(EXERCISE OBJECTIVE): For this exercise, write out only the lines of the entries below from the one with "Rustfri stål løbehjul" up to and including the one with "Veduta Kanala s plaže", exactly as they are. Pictures stay out.

(MATERIAL TO PROCESS):

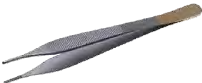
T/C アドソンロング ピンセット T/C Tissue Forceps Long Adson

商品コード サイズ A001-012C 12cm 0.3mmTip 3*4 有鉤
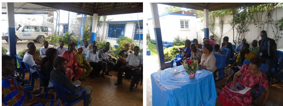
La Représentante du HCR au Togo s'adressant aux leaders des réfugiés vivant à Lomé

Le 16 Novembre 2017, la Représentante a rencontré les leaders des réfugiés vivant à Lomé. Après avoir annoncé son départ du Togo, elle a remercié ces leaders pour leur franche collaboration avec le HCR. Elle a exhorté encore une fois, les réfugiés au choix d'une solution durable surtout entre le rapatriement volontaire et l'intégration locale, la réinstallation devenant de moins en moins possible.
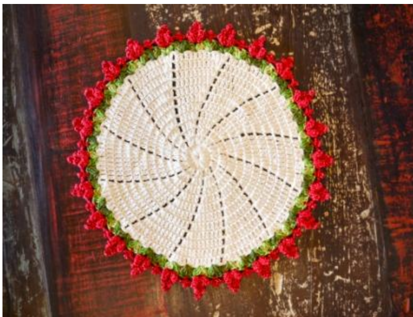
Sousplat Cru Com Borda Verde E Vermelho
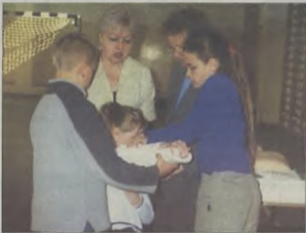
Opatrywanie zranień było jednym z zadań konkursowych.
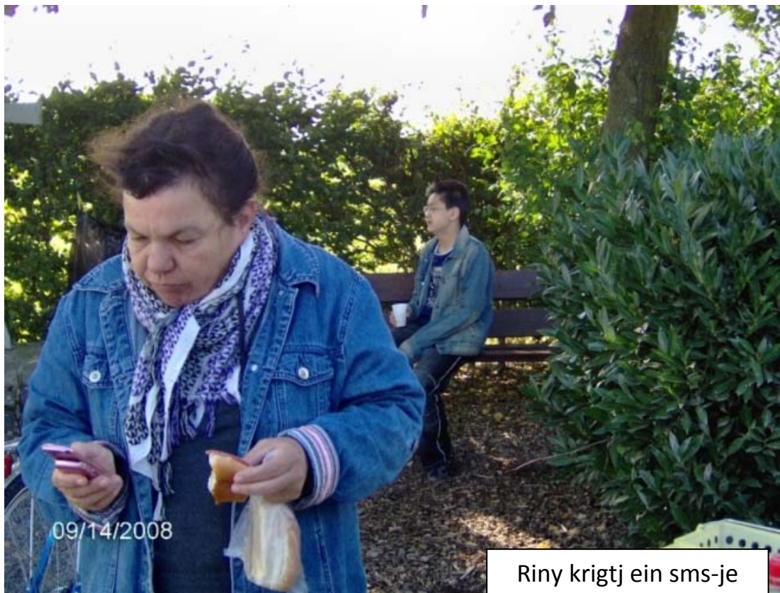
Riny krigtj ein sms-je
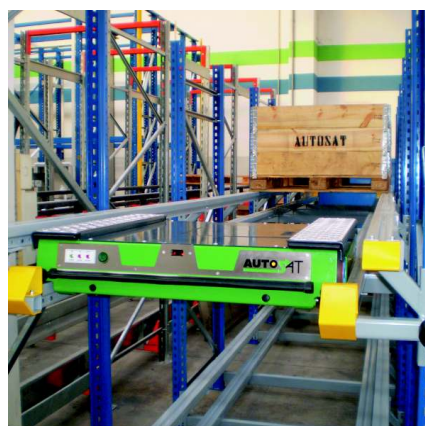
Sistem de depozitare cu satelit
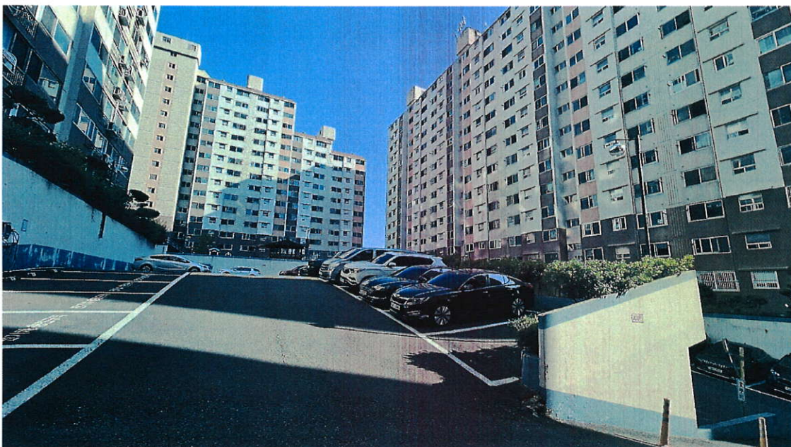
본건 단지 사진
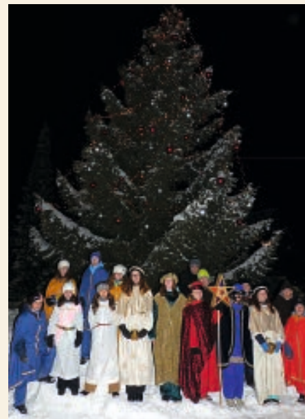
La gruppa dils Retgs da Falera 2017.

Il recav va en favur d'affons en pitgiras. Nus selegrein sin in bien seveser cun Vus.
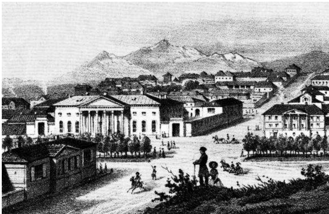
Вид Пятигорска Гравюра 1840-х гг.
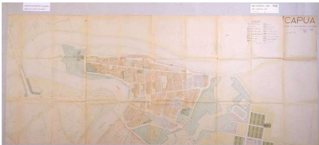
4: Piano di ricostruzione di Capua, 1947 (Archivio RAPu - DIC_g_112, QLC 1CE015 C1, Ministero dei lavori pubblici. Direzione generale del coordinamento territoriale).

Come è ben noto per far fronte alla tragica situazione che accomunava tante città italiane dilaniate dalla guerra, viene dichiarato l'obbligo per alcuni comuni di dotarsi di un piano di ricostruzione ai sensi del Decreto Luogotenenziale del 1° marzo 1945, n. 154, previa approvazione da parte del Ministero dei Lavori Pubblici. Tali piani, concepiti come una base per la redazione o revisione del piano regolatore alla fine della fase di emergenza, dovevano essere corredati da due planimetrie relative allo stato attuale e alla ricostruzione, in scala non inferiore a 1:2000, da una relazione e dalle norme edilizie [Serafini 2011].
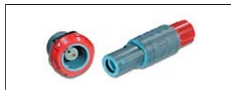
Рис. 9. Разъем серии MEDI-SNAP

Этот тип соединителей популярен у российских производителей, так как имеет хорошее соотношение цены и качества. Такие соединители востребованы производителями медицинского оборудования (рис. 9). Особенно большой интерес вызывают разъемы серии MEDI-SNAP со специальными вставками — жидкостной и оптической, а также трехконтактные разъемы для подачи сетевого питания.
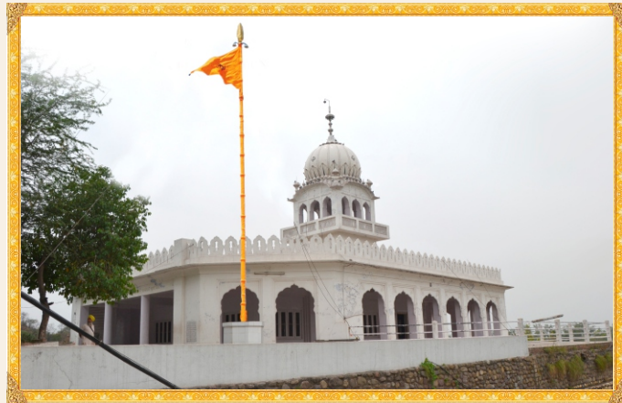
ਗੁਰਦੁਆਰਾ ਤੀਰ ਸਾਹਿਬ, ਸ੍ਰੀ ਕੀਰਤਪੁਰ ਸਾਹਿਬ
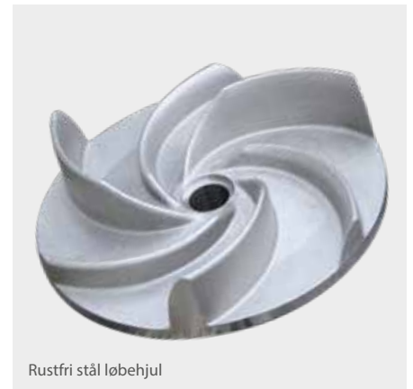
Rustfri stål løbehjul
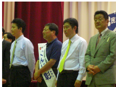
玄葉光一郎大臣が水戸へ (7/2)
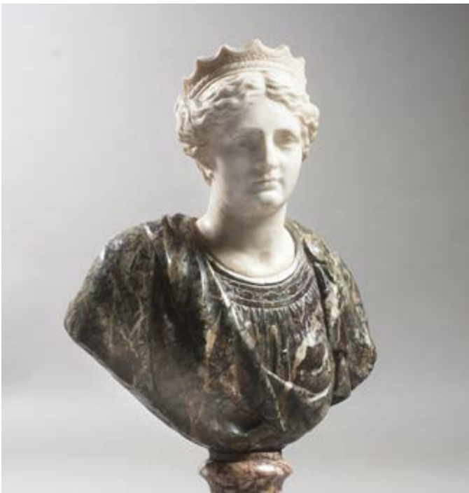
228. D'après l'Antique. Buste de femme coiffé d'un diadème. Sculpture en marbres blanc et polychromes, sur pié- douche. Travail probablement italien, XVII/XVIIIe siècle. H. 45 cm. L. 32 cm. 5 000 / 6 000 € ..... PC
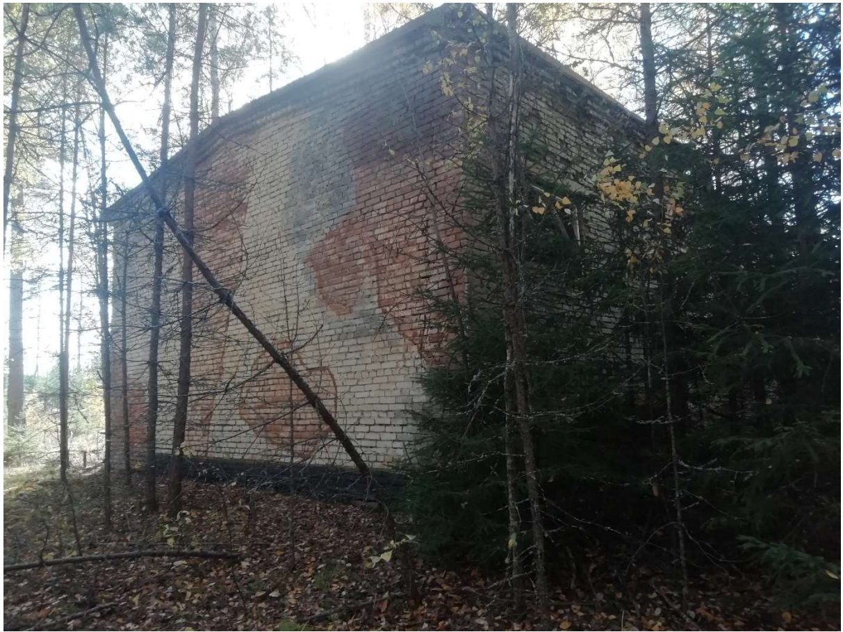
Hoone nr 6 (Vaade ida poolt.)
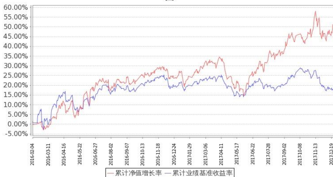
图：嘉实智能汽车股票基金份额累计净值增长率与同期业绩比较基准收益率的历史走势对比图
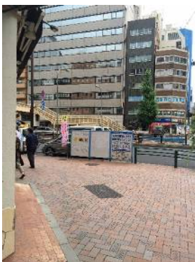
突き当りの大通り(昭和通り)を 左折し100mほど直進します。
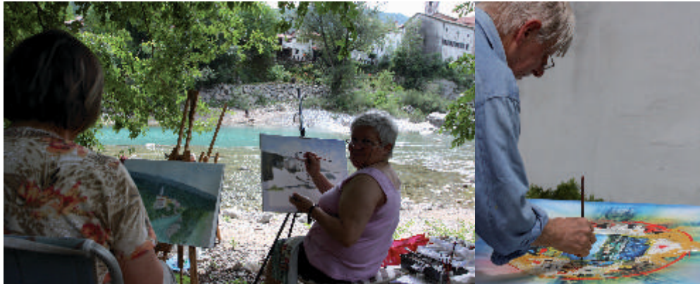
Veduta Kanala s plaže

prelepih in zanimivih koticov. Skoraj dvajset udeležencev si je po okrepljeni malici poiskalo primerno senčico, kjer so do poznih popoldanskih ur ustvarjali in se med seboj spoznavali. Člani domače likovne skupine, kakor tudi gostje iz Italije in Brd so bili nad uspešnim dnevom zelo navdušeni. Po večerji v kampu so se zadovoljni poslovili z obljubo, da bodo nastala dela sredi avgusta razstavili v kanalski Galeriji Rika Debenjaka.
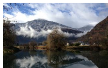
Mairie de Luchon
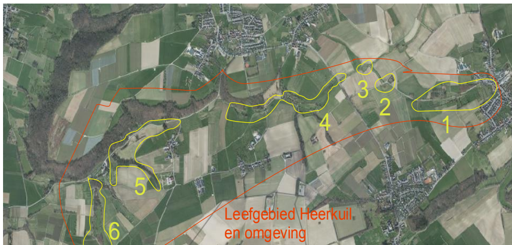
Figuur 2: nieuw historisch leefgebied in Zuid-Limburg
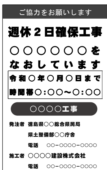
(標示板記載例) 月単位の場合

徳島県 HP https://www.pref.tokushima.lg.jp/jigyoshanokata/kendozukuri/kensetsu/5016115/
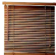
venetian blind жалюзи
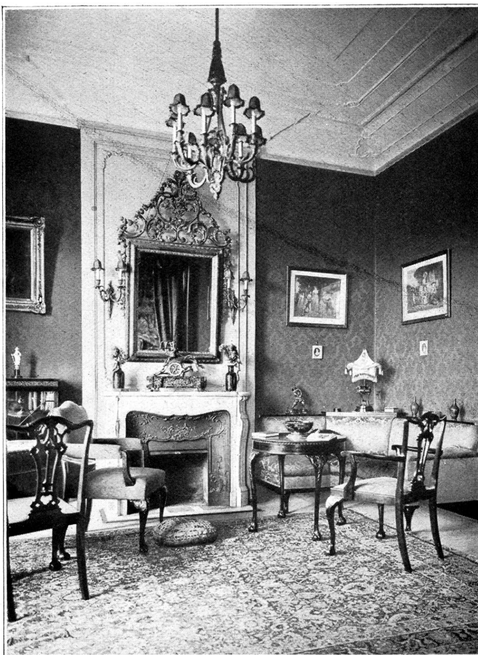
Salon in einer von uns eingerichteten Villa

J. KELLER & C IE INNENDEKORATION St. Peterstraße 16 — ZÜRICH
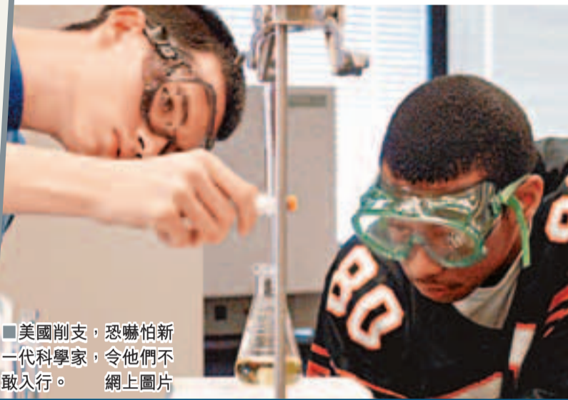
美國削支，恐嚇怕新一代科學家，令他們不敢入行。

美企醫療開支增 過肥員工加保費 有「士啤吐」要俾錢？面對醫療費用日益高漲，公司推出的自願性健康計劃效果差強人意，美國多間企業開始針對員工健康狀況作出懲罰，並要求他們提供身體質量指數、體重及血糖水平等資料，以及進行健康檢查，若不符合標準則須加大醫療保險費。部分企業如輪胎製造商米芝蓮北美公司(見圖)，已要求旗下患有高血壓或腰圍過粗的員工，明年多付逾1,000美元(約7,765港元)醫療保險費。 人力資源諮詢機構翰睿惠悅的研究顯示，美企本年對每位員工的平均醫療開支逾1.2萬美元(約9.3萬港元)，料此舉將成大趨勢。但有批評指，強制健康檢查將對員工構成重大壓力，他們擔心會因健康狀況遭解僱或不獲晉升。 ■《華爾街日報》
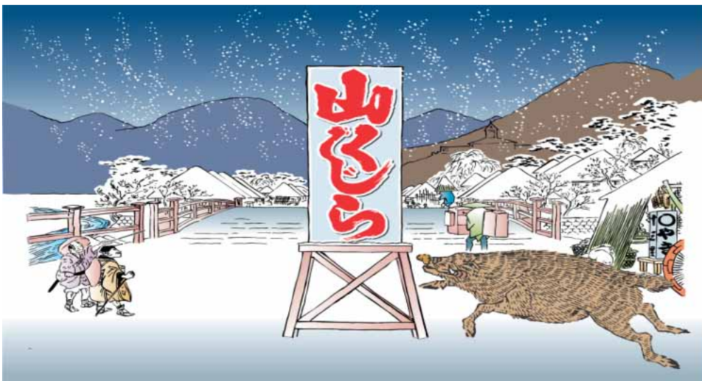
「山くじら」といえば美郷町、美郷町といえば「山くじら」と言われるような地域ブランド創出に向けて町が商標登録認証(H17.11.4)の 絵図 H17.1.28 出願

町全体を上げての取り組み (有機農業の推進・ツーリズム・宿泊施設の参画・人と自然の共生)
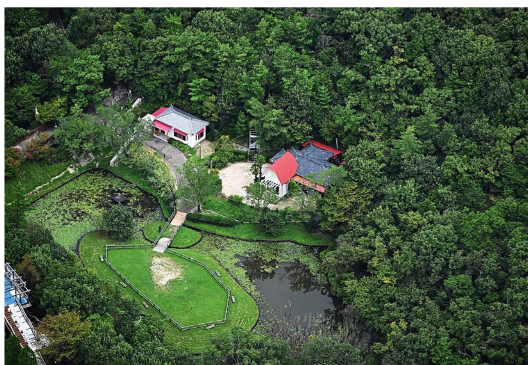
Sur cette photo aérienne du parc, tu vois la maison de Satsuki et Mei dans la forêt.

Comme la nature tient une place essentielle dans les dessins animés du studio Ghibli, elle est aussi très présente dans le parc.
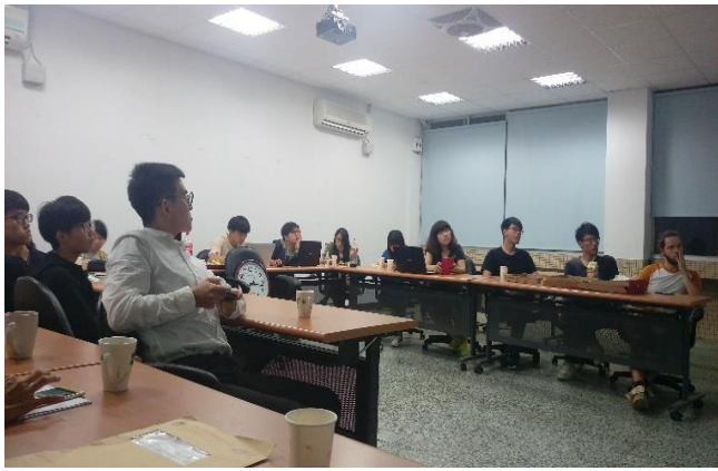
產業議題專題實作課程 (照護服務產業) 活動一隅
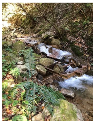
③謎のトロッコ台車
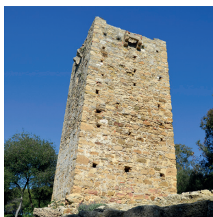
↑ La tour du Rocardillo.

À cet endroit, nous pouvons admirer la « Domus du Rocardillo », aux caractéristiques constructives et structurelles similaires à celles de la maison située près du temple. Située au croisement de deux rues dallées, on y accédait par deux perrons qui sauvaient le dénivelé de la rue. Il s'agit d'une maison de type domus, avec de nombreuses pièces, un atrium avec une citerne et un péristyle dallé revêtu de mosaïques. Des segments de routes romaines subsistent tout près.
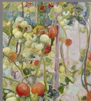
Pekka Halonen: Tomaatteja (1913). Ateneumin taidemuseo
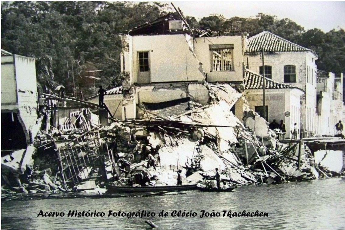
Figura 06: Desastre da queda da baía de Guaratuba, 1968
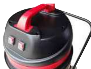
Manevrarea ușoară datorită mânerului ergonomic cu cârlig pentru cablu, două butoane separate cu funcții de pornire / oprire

(FINISHED EXERCISE):
Rustfri stål løbehjul
玄葉光一郎大臣が水戸へ (7/2)
228. D'après l'Antique. Buste de femme coiffé d'un diadème. Sculpture en marbres blanc et polychromes, sur pié- douche. Travail probablement italien, XVII/XVIIIe siècle. H. 45 cm. L. 32 cm. 5 000 / 6 000 € ..... PC
Hoone nr 6 (Vaade ida poolt.)
图：嘉实智能汽车股票基金份额累计净值增长率与同期业绩比较基准收益率的历史走势对比图
突き当りの大通り(昭和通り)を 左折し100mほど直進します。
Veduta Kanala s plaže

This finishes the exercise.